The animating spirit driving the agenda of the progressives is to take back Nigeria from political charlatans and conservative moneybags with ideological root in one, indivisible Nigeria.

Who are these progressives and when and where did you meet with them to hear them make you assertions above?

This is the real existential battle of the progressives. Are the new intellectually-driven progressives going to retool Nigeria without dismantling it or support the resurgence clamour for separation of nationalities?

Have you heard of self determination that brought America thus far above and beyond their oppressors? Do you know how much dismantling the fore fathers of USA did to become the what it is today?

The separation of nationalities is a stirrer of anarchic emotions and millions of Southern youth are rooting for this outcome. If I were to hedge my bet, any future southern leader on the platform of progressive alliance has to recast our collective hope on social democracy by articulating attractive, people-oriented ideology for a better Nigeria, I repeat, NIGERIA, without the need to fall into the narrow vision of our separatist mobsters.


Who are separatist mobsters?
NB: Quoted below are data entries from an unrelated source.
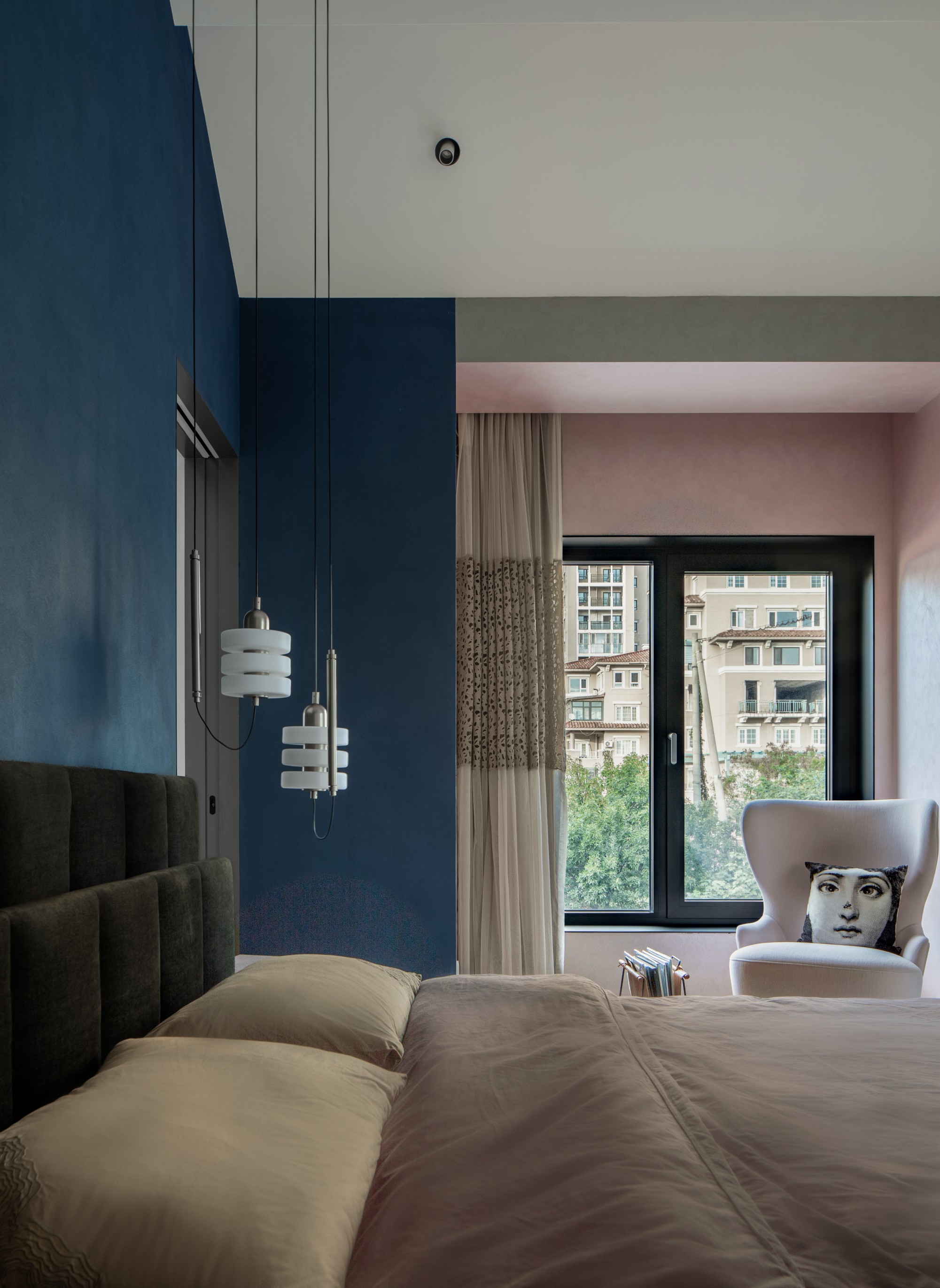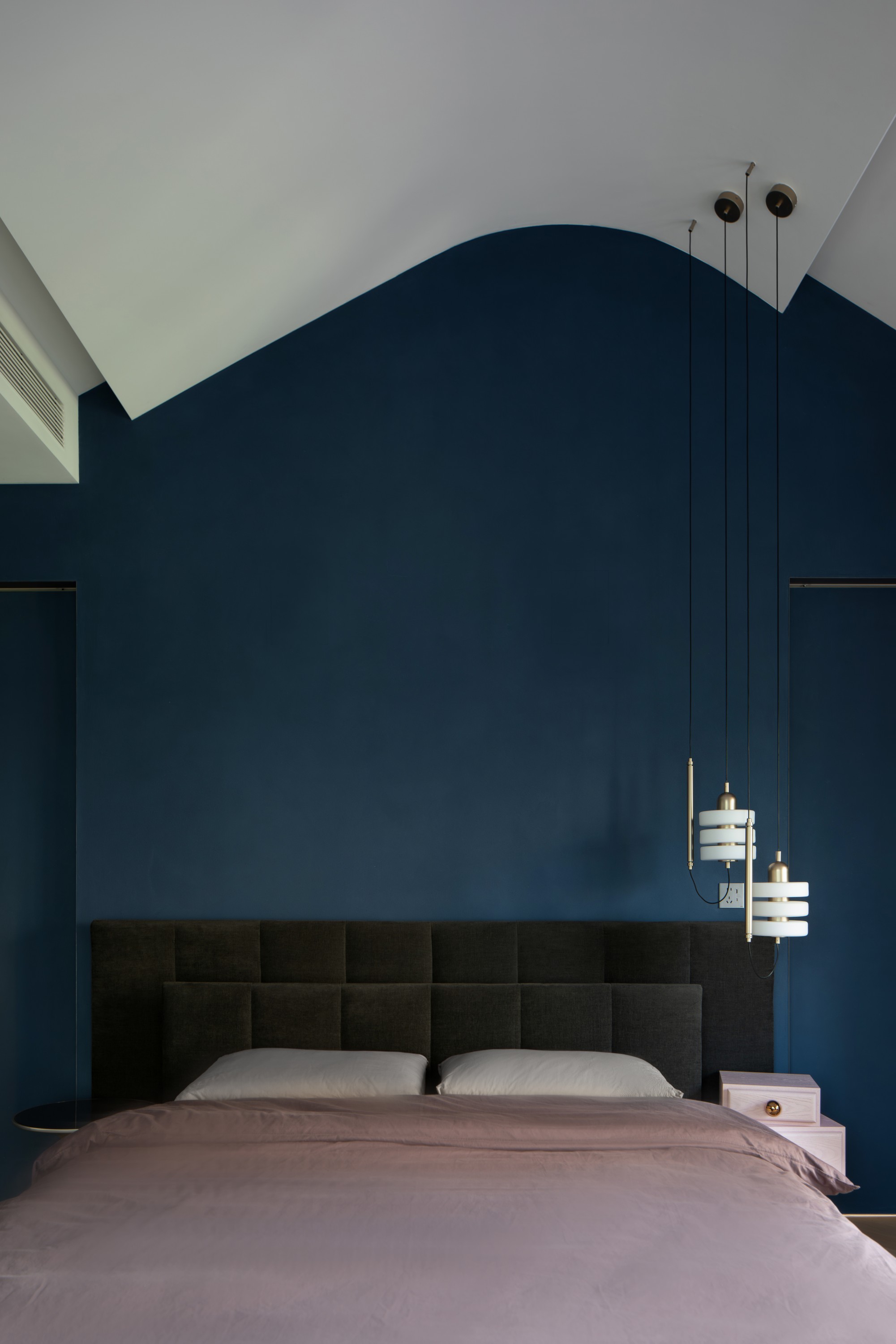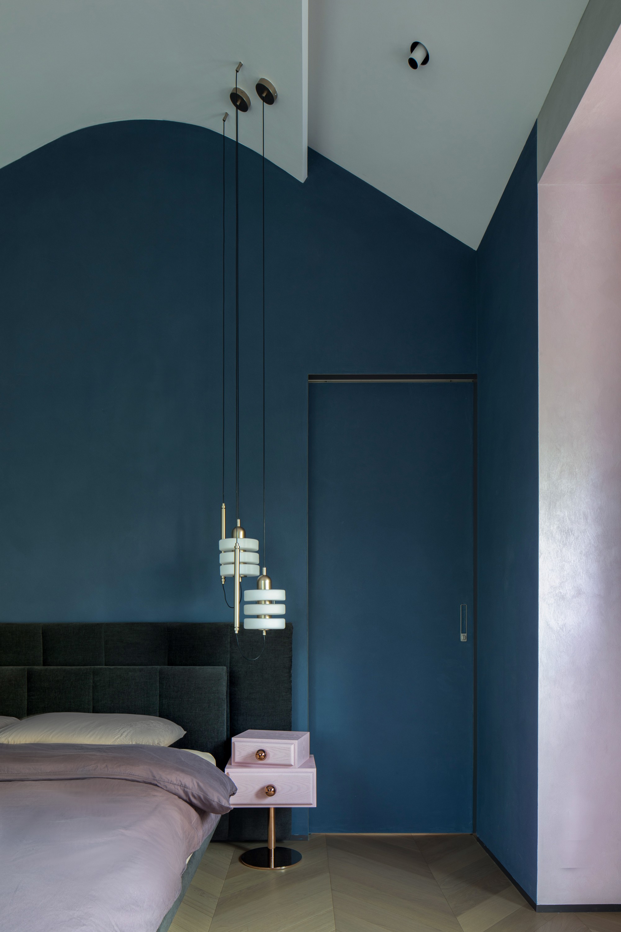 女儿套房: 这是一个完整表达个性的世界。深蓝色的卧室背景墙如静谧夜空,搭配设计感十足的Ercole e Afrodite柜体与艺术家具,冷静中透着不羁的创意。
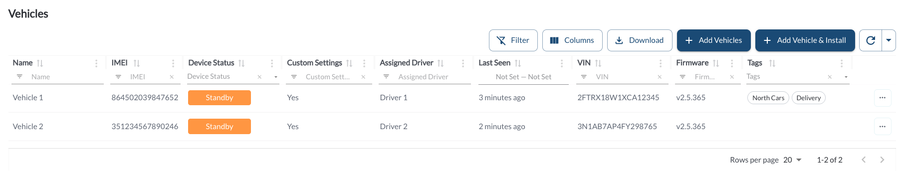 We’ve added a new Custom Settings column to the Vehicles page. This shows a simple Yes/No flag so you can quickly identify if a vehicle has settings that override the fleet defaults.
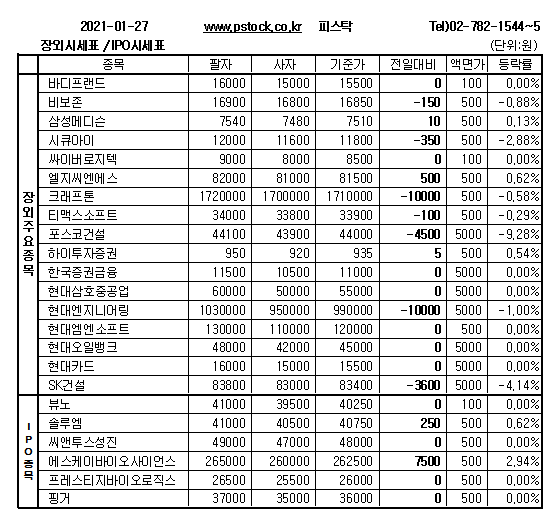 뷰노(4만250원), 씨앤투스성진(4만8000원), 핑거(3만6000원), 현대삼호중공업(5만5000원), 현대카드(1만5500원), 비씨켐(3만9000원), 메디오젠(2만4000원), 에스바이오메딕스(9500원), 아크로스(8만3000원) 등 장외종목은 주가변동없이 장을 마감했다.

Name them if you would for clarification.

In Nigeria, the road back to a genuinely progressive democracy is going to be long, arduous and painful but the wisdom of its distinctive ideology of egalitarianism and inclusion provides a ready appetite for patience.

What patience are you recommending to dying Nigerians while you remain in your comfort zone in London?

Please answer these questions before one can properly address this your article.